[[ Record excerpts, beginning ]]

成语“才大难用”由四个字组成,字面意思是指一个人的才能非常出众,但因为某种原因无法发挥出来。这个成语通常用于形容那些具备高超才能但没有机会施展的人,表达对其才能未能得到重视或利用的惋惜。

[[ Record excerpts, end ]]
[[ Record excerpts, beginning ]]

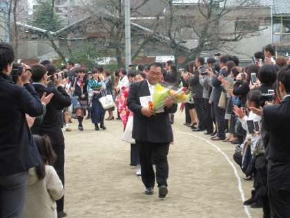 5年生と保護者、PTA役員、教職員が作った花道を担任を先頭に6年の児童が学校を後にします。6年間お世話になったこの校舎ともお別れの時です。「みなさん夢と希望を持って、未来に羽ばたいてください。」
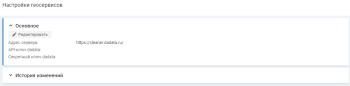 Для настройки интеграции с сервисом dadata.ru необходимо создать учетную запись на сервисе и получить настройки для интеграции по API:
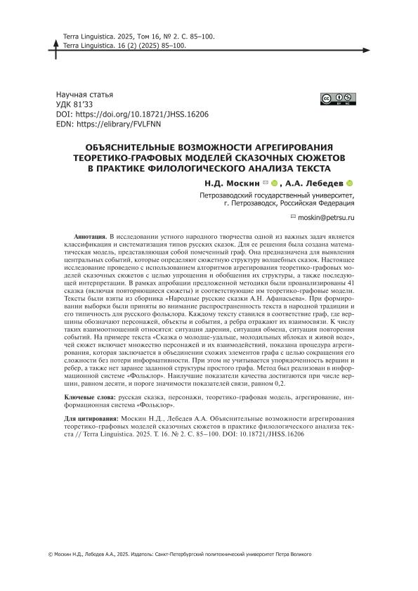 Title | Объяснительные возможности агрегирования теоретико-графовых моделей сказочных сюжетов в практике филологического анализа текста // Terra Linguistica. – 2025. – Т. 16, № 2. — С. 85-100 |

[[ Record excerpts, end ]]

Action item - For this exercise, please set down exactly the lines of the listing above from the line with "Для настройки интеграции" up to and including the line with "Title | Объяснительные", and no pictures.

Final answer -
 Для настройки интеграции с сервисом dadata.ru необходимо создать учетную запись на сервисе и получить настройки для интеграции по API:
 Title | Объяснительные возможности агрегирования теоретико-графовых моделей сказочных сюжетов в практике филологического анализа текста // Terra Linguistica. – 2025. – Т. 16, № 2. — С. 85-100 |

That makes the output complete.